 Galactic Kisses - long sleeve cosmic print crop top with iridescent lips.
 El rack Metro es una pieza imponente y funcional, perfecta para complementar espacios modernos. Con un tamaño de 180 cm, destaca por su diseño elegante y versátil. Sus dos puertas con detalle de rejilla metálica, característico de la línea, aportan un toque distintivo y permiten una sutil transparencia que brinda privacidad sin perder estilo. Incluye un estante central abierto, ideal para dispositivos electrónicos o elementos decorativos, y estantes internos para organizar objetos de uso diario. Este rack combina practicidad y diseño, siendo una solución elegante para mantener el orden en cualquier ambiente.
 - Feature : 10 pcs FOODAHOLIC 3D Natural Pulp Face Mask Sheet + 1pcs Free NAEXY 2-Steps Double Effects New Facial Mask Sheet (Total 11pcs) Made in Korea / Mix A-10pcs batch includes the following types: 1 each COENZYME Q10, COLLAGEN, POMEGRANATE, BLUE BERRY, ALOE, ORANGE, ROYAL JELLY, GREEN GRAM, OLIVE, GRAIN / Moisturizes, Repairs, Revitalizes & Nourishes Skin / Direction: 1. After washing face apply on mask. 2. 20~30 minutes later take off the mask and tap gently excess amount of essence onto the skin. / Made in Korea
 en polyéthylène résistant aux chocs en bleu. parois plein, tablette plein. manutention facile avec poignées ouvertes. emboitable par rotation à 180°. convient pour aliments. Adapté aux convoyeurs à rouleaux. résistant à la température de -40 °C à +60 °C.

※

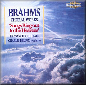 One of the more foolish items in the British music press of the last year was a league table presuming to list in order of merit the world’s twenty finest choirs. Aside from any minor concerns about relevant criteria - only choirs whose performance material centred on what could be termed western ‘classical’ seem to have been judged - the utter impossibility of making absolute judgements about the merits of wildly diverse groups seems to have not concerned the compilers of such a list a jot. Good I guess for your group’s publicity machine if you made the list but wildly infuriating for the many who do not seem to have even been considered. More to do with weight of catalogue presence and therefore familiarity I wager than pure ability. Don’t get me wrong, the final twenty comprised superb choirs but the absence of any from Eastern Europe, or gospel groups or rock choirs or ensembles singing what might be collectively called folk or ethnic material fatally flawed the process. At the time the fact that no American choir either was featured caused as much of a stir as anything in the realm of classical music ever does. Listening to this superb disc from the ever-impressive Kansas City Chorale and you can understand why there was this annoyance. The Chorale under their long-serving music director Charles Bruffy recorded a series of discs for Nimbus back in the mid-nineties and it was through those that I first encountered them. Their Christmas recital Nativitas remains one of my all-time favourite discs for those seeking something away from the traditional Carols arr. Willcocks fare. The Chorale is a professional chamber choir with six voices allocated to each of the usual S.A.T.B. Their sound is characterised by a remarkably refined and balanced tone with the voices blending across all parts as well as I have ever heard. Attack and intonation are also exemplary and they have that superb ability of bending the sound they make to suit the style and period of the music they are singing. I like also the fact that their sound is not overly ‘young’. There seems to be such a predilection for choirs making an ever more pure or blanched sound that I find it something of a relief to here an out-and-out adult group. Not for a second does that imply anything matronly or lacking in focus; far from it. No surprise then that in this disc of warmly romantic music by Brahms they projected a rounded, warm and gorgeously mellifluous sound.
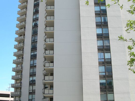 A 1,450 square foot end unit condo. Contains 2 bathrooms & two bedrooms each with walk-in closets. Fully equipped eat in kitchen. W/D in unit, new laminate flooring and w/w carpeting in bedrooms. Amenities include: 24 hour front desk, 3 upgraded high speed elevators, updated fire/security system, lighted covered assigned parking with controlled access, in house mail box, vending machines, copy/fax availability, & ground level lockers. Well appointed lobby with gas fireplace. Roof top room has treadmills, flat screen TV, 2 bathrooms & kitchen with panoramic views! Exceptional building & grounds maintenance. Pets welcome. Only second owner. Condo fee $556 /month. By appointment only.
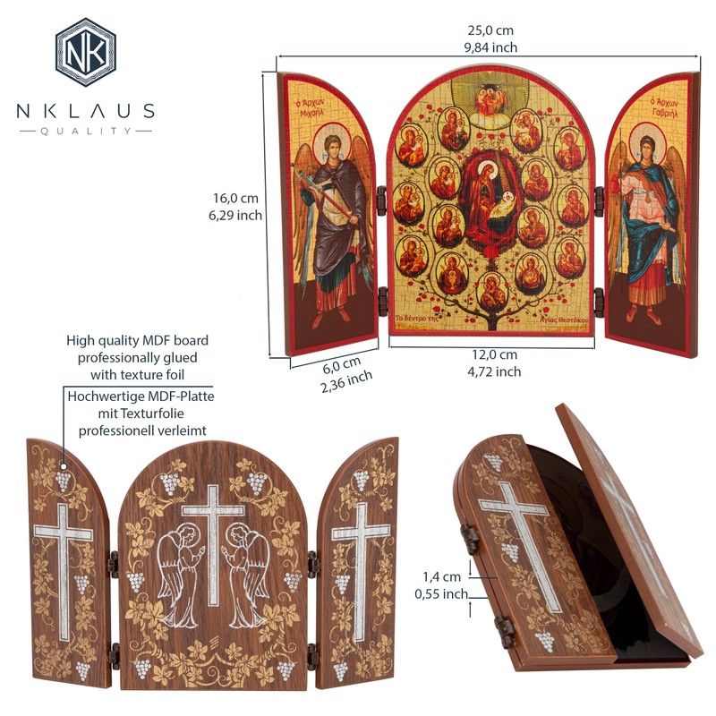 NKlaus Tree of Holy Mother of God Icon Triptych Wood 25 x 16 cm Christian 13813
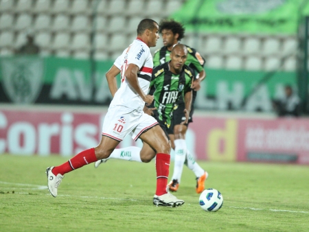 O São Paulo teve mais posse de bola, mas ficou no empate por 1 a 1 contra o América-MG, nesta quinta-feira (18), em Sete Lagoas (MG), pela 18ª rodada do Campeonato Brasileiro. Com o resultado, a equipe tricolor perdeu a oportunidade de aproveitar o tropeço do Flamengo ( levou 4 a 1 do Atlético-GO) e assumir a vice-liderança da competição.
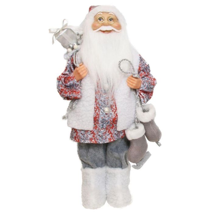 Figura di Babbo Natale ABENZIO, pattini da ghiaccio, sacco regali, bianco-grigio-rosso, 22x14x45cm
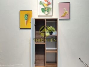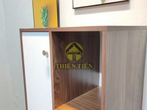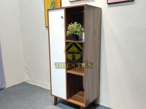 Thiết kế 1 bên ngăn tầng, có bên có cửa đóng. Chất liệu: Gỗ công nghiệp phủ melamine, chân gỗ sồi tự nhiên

※

• TASK DESCRIPTION
The listing above holds a line with "Galactic Kisses - long" and a line with "El rack Metro". Print the stretch from the first through the second, exactly and alone.

• TASK SOLUTION
 Galactic Kisses - long sleeve cosmic print crop top with iridescent lips.
 El rack Metro es una pieza imponente y funcional, perfecta para complementar espacios modernos. Con un tamaño de 180 cm, destaca por su diseño elegante y versátil. Sus dos puertas con detalle de rejilla metálica, característico de la línea, aportan un toque distintivo y permiten una sutil transparencia que brinda privacidad sin perder estilo. Incluye un estante central abierto, ideal para dispositivos electrónicos o elementos decorativos, y estantes internos para organizar objetos de uso diario. Este rack combina practicidad y diseño, siendo una solución elegante para mantener el orden en cualquier ambiente.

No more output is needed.